PROBLEM TO WORK ON => Only the lines from the one with "気軽に楽しめるイヤーカフに、上品なパールをセッティング。" to the end of the data, both ends included, should be output, exactly as they stand and without pictures.

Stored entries
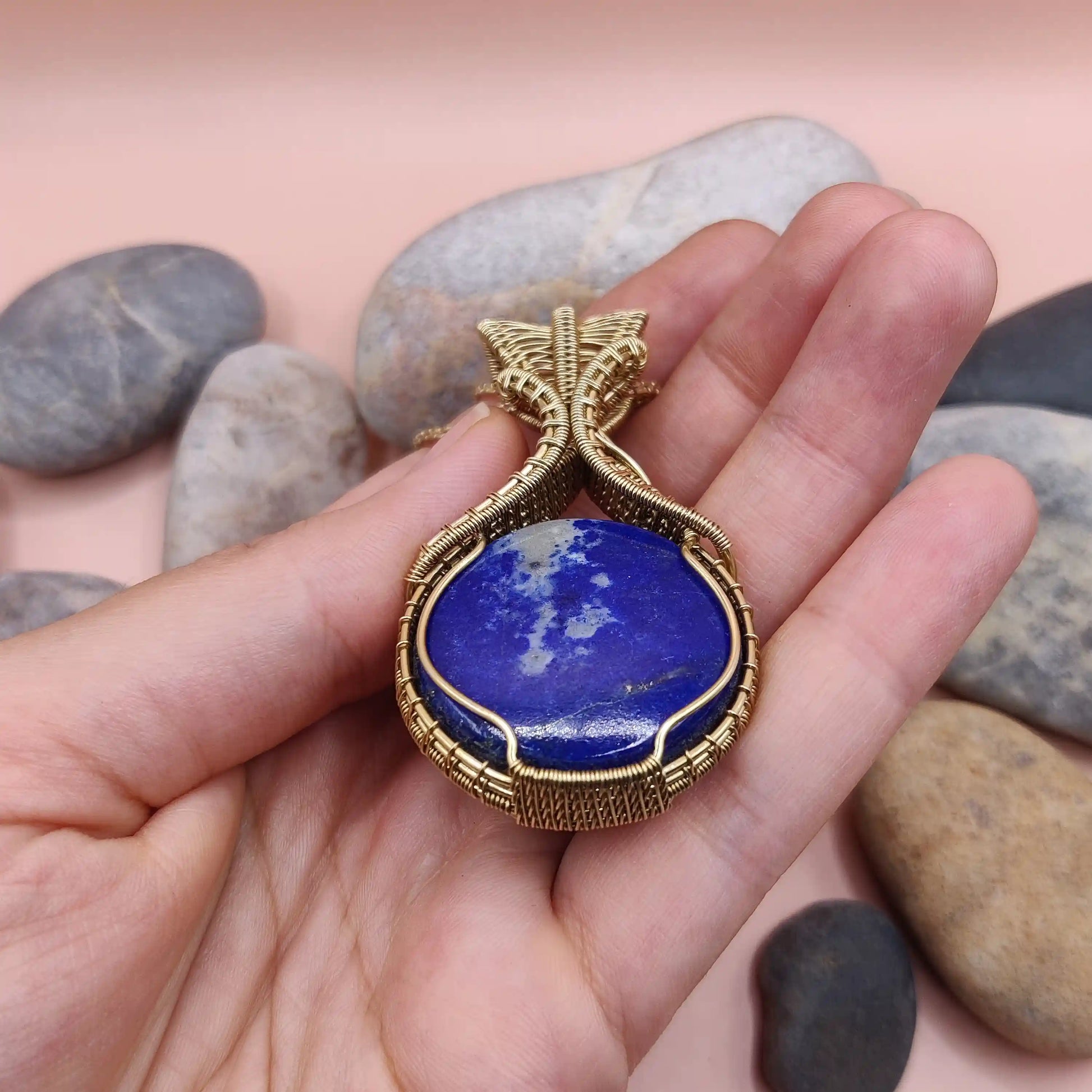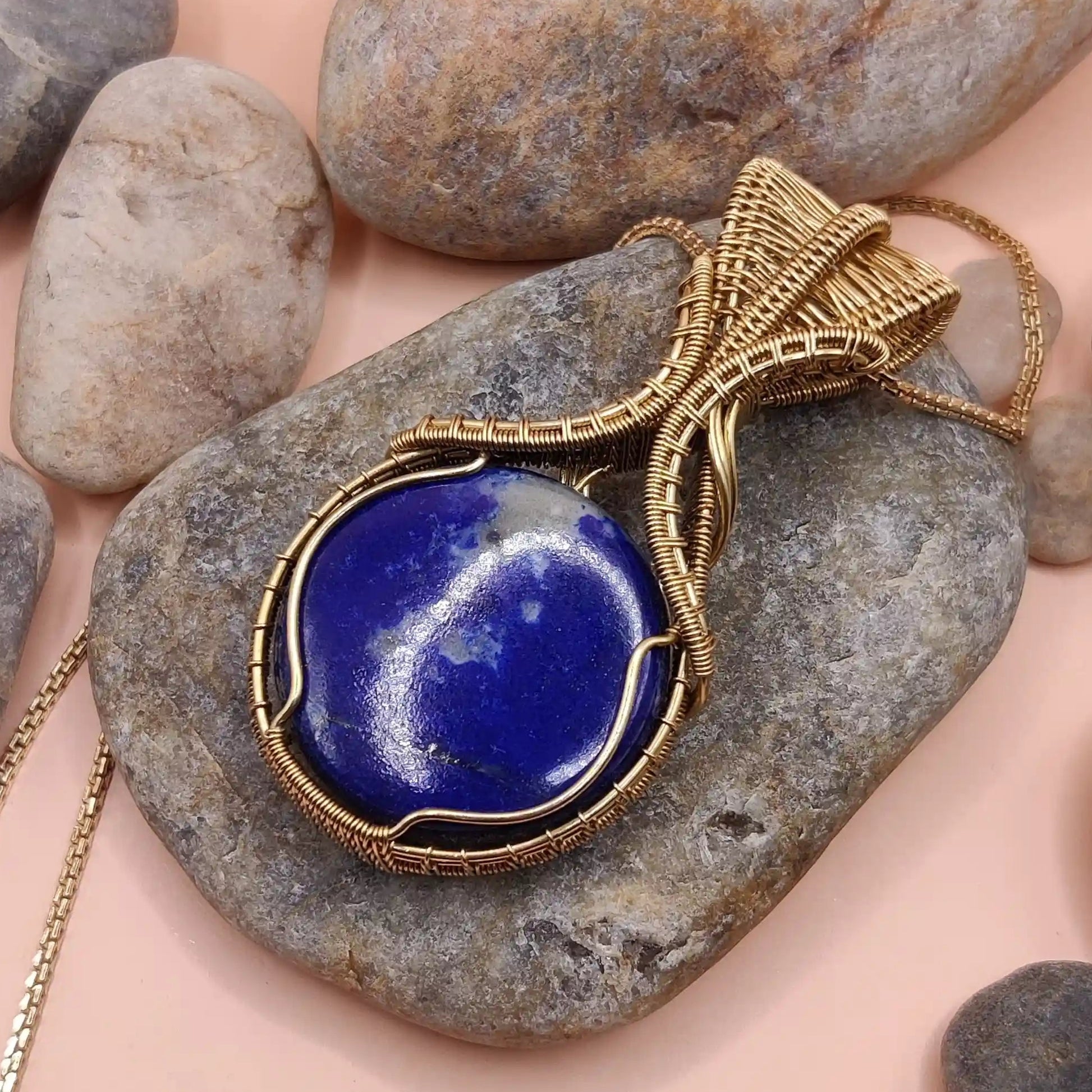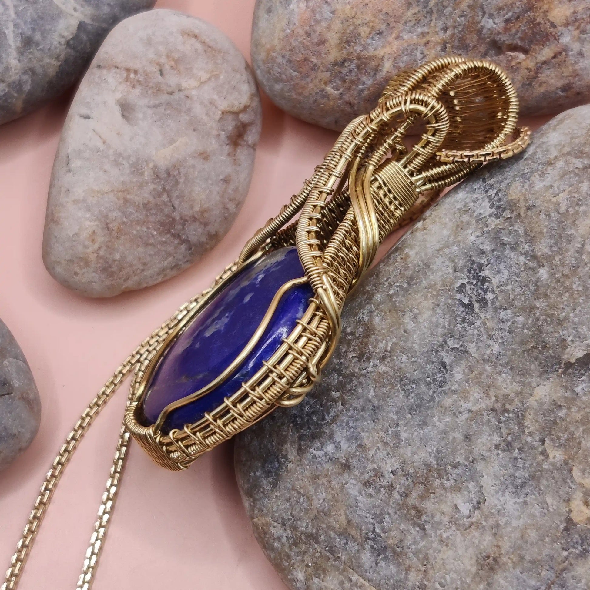 This exquisite handmade pendant features a deep blue Lapis Lazuli cabochon, elegantly wrapped in intricately detailed brass work, and suspended on a matching brass chain. A gemstone prized by ancient Egyptian royalty and revered by mystics through the ages, Lapis Lazuli radiates a sense of inner nobility and cosmic wisdom. With golden flecks of pyrite dancing through its rich azure body, this pendant evokes the night sky—calling forth clarity, truth, and spiritual insight.
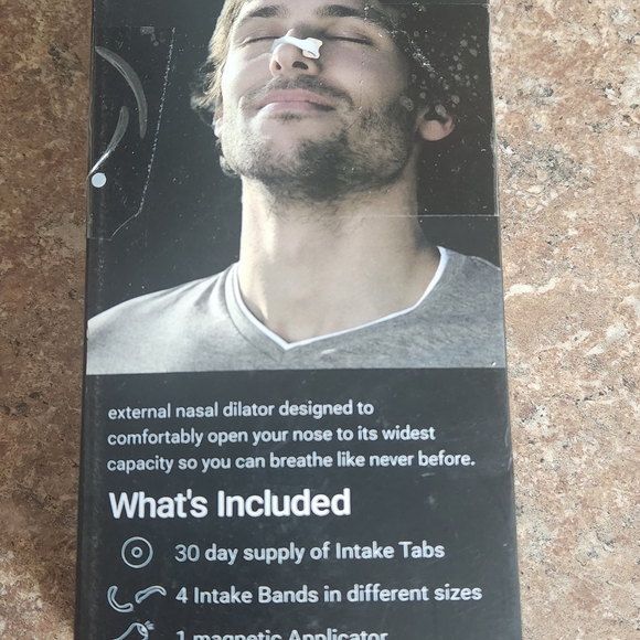External nasal dilator with 2-30-day supplies. minus 2 days. Includes 4 intake bands in different sizes and 1 magnetic applicator.
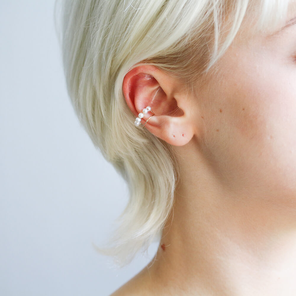 気軽に楽しめるイヤーカフに、上品なパールをセッティング。
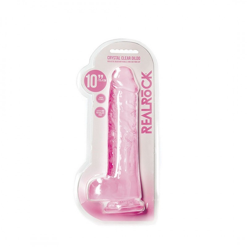 DILDO REALISTA COM TESTÍCULOS CRYSTAL CLEAR10 /25,4 CM ROSA REALROCK
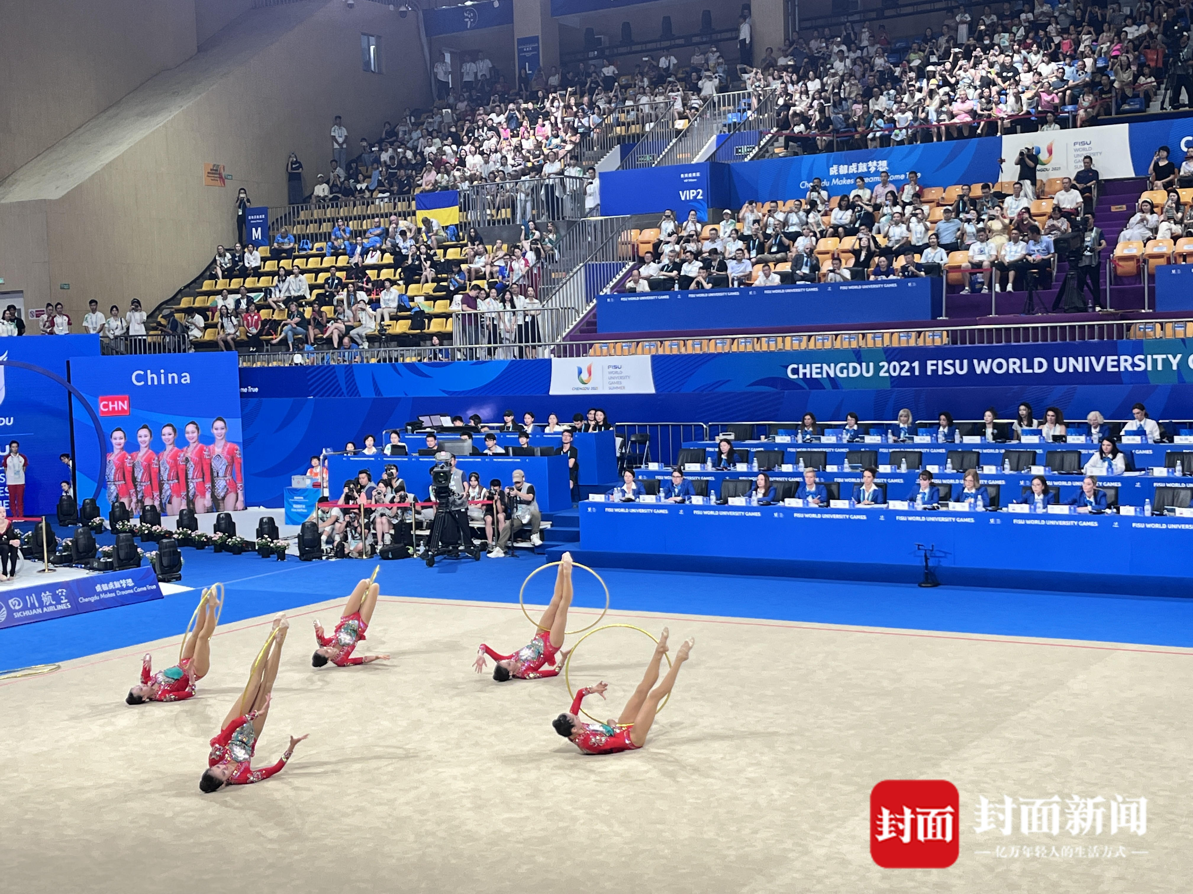 7月31日,成都大运会艺术体操集体器械决赛(5圈)在成都体育学院综合馆举行,中国队以30.900高分夺得金牌,这也是继艺术体操集体全能后中国队获得的第二枚金牌。

TASK RESPONSE =>
 気軽に楽しめるイヤーカフに、上品なパールをセッティング。
 DILDO REALISTA COM TESTÍCULOS CRYSTAL CLEAR10 /25,4 CM ROSA REALROCK
 7月31日,成都大运会艺术体操集体器械决赛(5圈)在成都体育学院综合馆举行,中国队以30.900高分夺得金牌,这也是继艺术体操集体全能后中国队获得的第二枚金牌。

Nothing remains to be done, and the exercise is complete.